Moment of Inertia of a solid uniform sphere

[John Kingsley]

Hello, Calculating the moment of inertia of a solid uniform sphere about it's center I get (3/5) Ma². I know I am supposed to be getting (2/5) Ma². I am using a differential volume dm as 4*pi*rho*r*r*dr, where rho is density, and r is the distance from the center to the differential volume element, which is a thin sphere with surface area 4*pi*r*r. So in effect I am multiflying the surface area of a thin shere by a quantity dr to get my dV. I believe this is where the problem is arising, but in calculating the differential area element of a solid disk, this approach seemd to work just fine. So anyway, my integral r*r*dm becomes 4*pi*rho*the integral from 0 to a of (r^4)dr. a is the radius of the sphere. rho equals 3M/(4*pi*a^3), and I end up with (3/5)Ma^2. Where am I going wrong? The text uses dz instead of dr and uses the fact that I for a solid disk is (1/2)Ma^2, but I do not see why this way will not work also.

 

[tiny-tim]

Welcome to PF!

Hello John! Welcome to PF!

(have a pi: π and try using the X² icon just above the Reply box )

… The text uses dz instead of dr and uses the fact that I for a solid disk is (1/2)Ma^2, but I do not see why this way will not work also.
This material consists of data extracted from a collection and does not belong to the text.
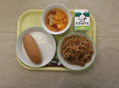 6/25 小型玄米パン 牛乳 ジャージャー麺 フルーツポンチ
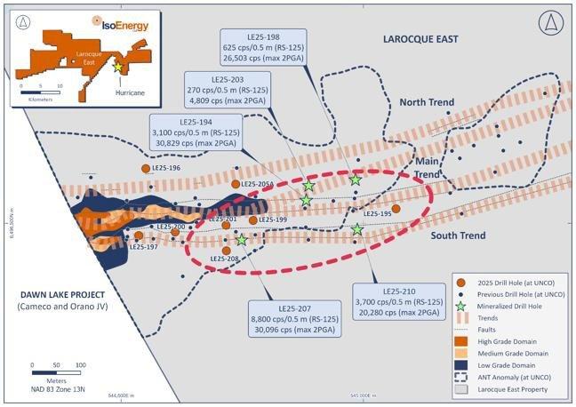 The Hurricane South trend, where winter drill holes LE25-207 and LE25-210 intersected strong radioactivity. Hole LE25-207, located 240 m east of Hurricane, returned an average RS-125 reading on over 0.5 metres on core of 8,800 cps and a corresponding downhole probe maximum reading of 30,096 cps, while LE25-210, drilled 480 metres east of Hurricane, intersected up to 3,700 cps averaged over 0.5 m on core and a corresponding downhole probe maximum reading of 20,280 cps.
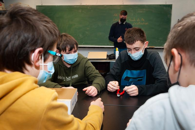 "Ik begin altijd met een eerste activiteit die me in staat stelt de persoonlijkheid, verlangens en interesses van mijn leerlingen te identificeren. Vervolgens leren zij de plattegrond van een huis te lezen, een activiteit die reflectie vereist. Het grote project van dit jaar is de bouw van een brug, waarbij ze rekening moeten houden met enkele voorwaarden: breedte van de brug, lengte van het te overbruggen ravijn, het te dragen gewicht, een beperkt aantal beschikbare middelen, ... Voor deze activiteit was er een theorieles, een individuele reflectie met bestudering van het dossier en het maken van schetsen, daarna de bouw van de brug in groepjes van 4.”
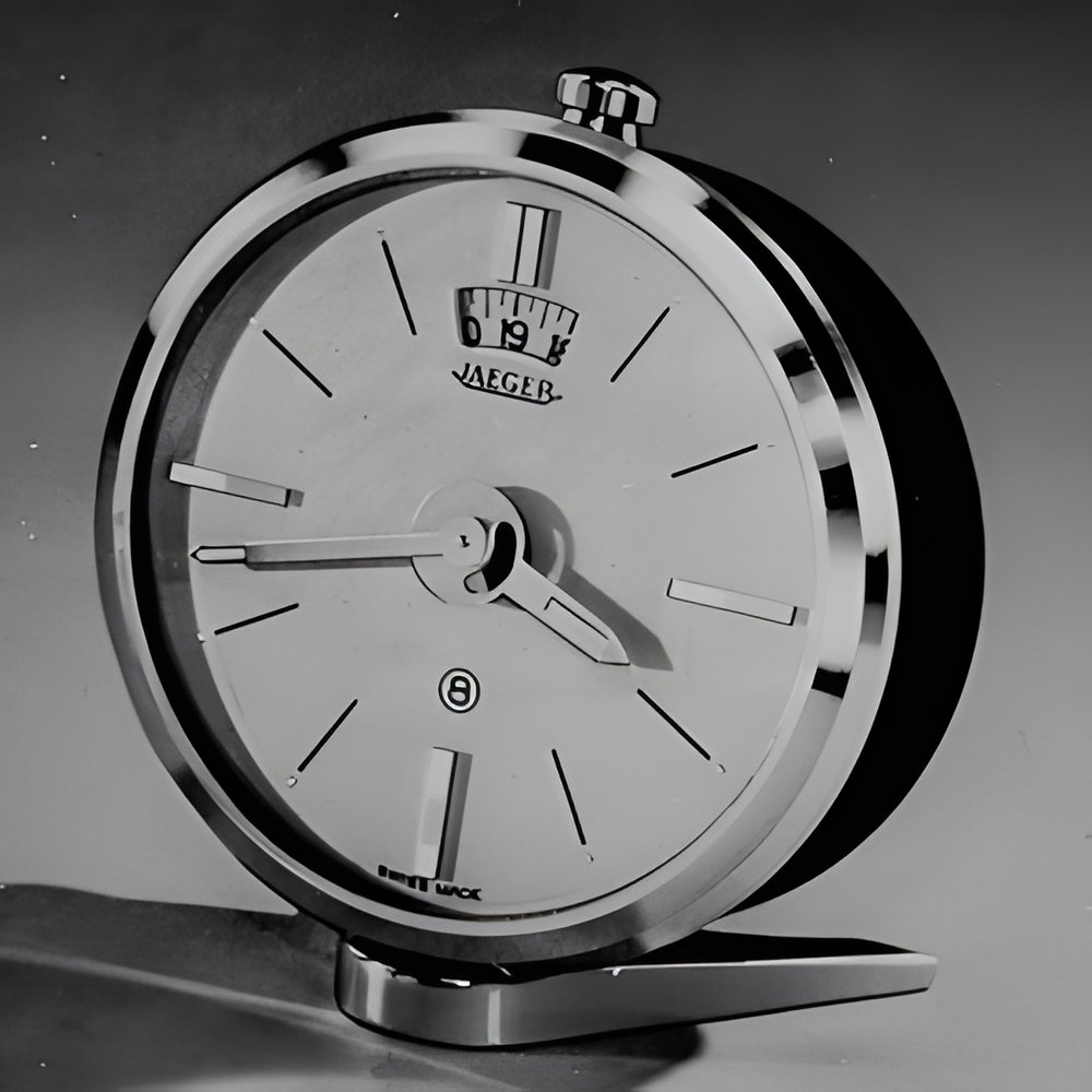 An alarm clock which tells the difference between day and night. This “Recital” model is fitted with a 24-hour alarm system which rings only once daily and needs to be wound and set only once every eight days. One winder serves both the movement and the alarm mechanism and an alarm hand is replaced by a small central window in the dial. A range of models is available. (JAEGER-LECOULTRE)

your way will work if you use the moment of inertia for a spherical shell (about a diameter) instead of 1/2 Ma²

(but you don't know what that is, do you? )

 

[1994Bhaskar]

REMEMBER WHAT YOU DID IN CASE OF SOLID UNIFORM DISC?
WHAT YOU DID WAS INTEGRAL OF dI WHERE IT WAS M.I OF THIN RING.
HERE WE DON'T KNOW THE dI, i.e. MOMENT OF INERTIA OF SMALL SPHERE(THAT'S WHAT YOU HAVE TO FIND).MOREOVER THE SIMPLE I=MR² WON'T DO HERE FOR A COMPLEX STRUCTURE LIKE SPHERE.